The chemical substances subject to TSCA section 6(h) are those:
• Identified in the 2014 update of the TSCA Work Plan for Chemical Assessments;
• That the Administrator has a reasonable basis to conclude are toxic and that with
respect to persistence and bioaccumulation, score high for one and either high or
moderate for the other, under the 2012 TSCA Work Plan Chemicals Methods Document
(or a successor scoring system);
• That, are not a metal or a metal compound;
• For which the Administrator has not completed a Work Plan Problem Formulation,
initiated a review under section 5 (new chemicals), or entered into a consent agreement
under section 4 (testing), prior to June 22, 2016;
• Exposure to which under the conditions of use is likely to the general population, to a
potentially exposed or susceptible subpopulation, or the environment, on the basis of
an exposure and use assessment; and
• That are not designated as a high priority substance by EPA and are not the subject of a
manufacturer request for a risk evaluation.
Taking the above criteria into account, EPA has identified the following five PBT chemicals for
proposed action under TSCA section 6(h):
• Decabromodiphenyl ether (DecaBDE) (CASRN 1163-19-5)

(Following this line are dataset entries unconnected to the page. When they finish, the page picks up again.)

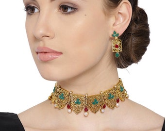 Indian Choker Necklace Indian Jewelry Traditional Jewelry Bollywood Jewelry Indian Choker Set Bridal Jewelry Bollywood Choker Necklace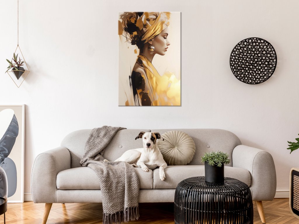 Tento obraz zachytáva profil ženy, ktorá vyžaruje eleganciu a sofistikovanosť. Zlaté detaily v jej šatke a náušniciach dodávajú obrazu nádych luxusu a jemnosti. Jemné línie a kontrasty čiernej a zlatej farby vytvárajú harmonický a vizuálne pútavý portrét.
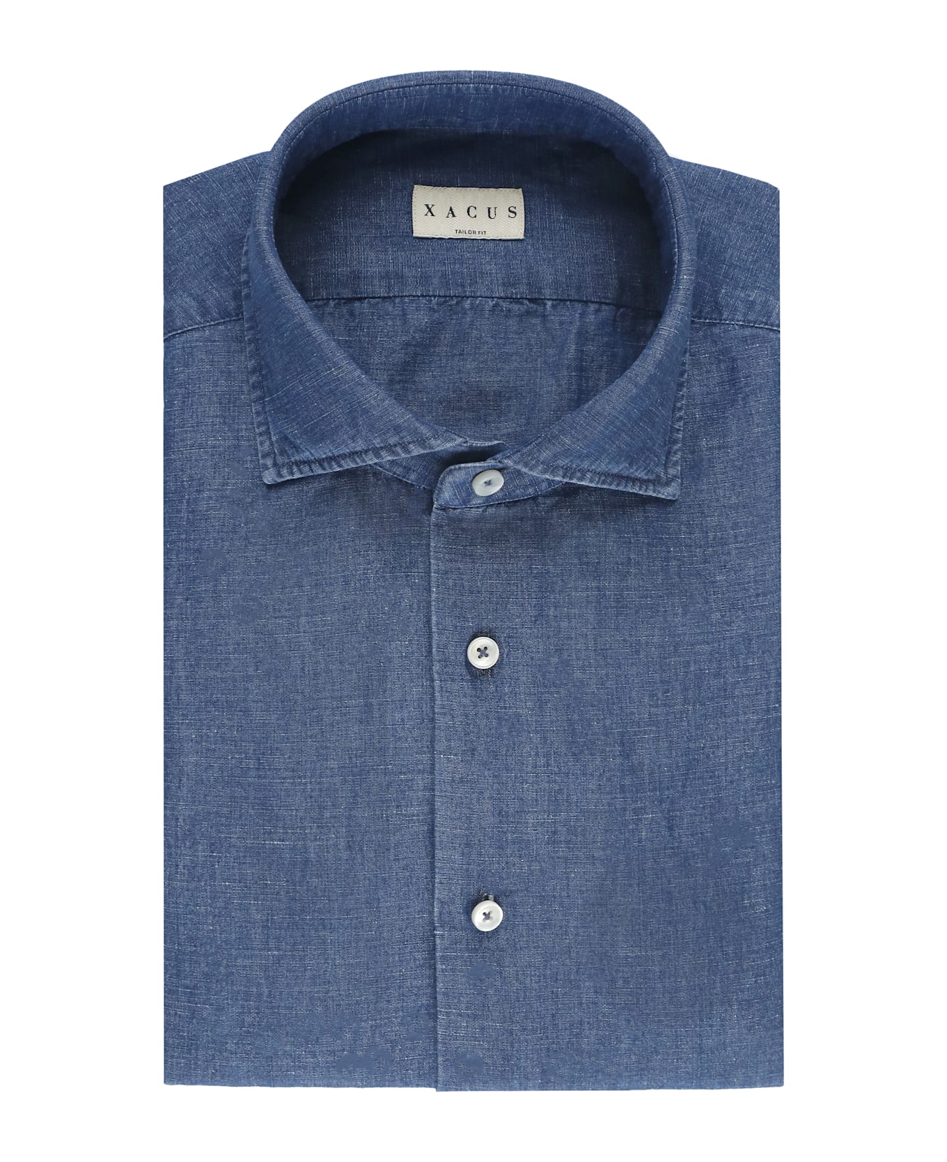 - Blue Xacus cotton and linen shirt for man - Collar - Long sleeves with buttoms at hem - Front buttoms fastening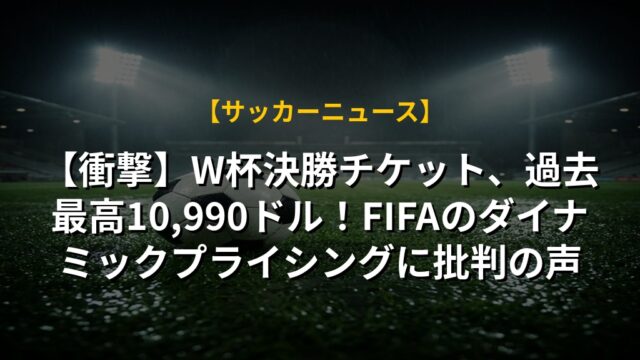 【衝撃】W杯決勝チケット、過去最高10,990ドル!FIFAのダイナミックプライシングに批判の声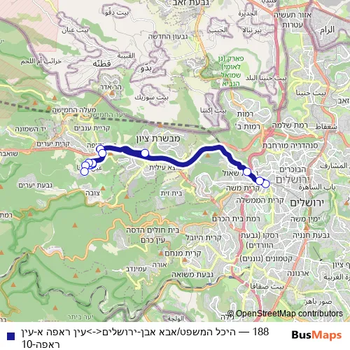 The first stop of the 188 bus route is היכל המשפט/אבא אבן and the last stop is עין ראפה א. 188 (היכל המשפט/אבא אבן-ירושלים<->עין ראפה א-עין ראפה-10) is operational during ежедневно.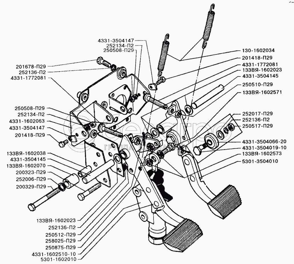 Каталог запасных частей к технике: ЗИЛ-433110. Установка педалей сцепления и тормоза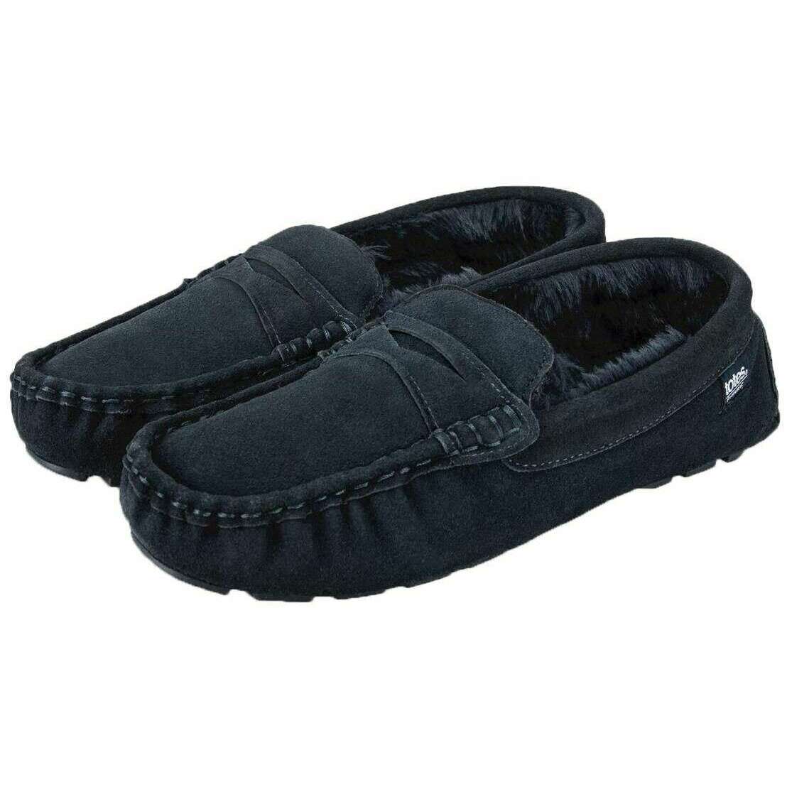 These men's suede moccasin slippers by the brand Isotoner are made from 100% suede exterior and polyester lining and are showcased in navy. Also the navy slippers are designed in a plain pattern, It is recommended to do not wash and wipe clean with a damp cloth to keep these slippers in good condition. All the slippers come complete with isotoner packaging. The Isotoner Suede Moccasin Slippers - Navy will be a great addition to any gentleman's loungewear collection that will ensure style and sophistication but also comfort, support and warmth. Featuring pillow step cushioned technology with added memory foam gives a cloud like feeling, perfect for relaxing at home. Finished with a durable flexible sole for a slip resistant tread and support and a water-repellent wear.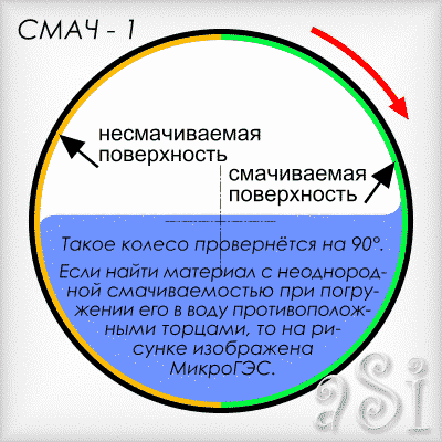 | Quote (кейси) ...там много чего интересного... Может быть. Не всё в этом списке лично мною изучено и осмыслено, но то, что осмыслено оказалось пшиком. Quote (aaasi) Я вижу другой подход. А именно: качающийся уровень. Дойдут руки - нарисую... До качающегося уровня пока руки не доходят, зато вот другая идейка - именно со стабильным уровнем. Для начала заметим, что 2,5-метровые колёса от Гравио (пока, как я понимаю, виртуальные) это всё же не МикроГЭС, а санти- или милиГЭС. Микро - это размером с компакт-диск и меньше. Вот рисунок: Материал для внутренней поверхности колеса-цилиндра должен обладать этой самой анизотропией в смысле смачиваемости. На вскидку можно предположить нечто вроде причёсанного в одну сторону ворса с капилярными свойствами. Легко представить, как молекулы воды сами карабкаются вверх по хорошо смачиваемой стороне и шарахаются от противоположной, крутя при этом цилиндр.

o Scored high for hazard, high for persistence, and high for bioaccumulation on the
2014 update
• Hexachlorobutadiene (HCBD) (CASRN 87-68-3)
o Scored high for hazard, high for persistence, and high for bioaccumulation on the
2014 update
• Phenol, isopropylated, phosphate (3:1) (PIP 3:1) (CASRN 68937-41-7)
o Scored high for hazard, high for persistence, and high for bioaccumulation on the
2014 update
• 2,4,6-Tris(tert-butyl) phenol (2,4,6 TTBP) (CASRN 732-26-3)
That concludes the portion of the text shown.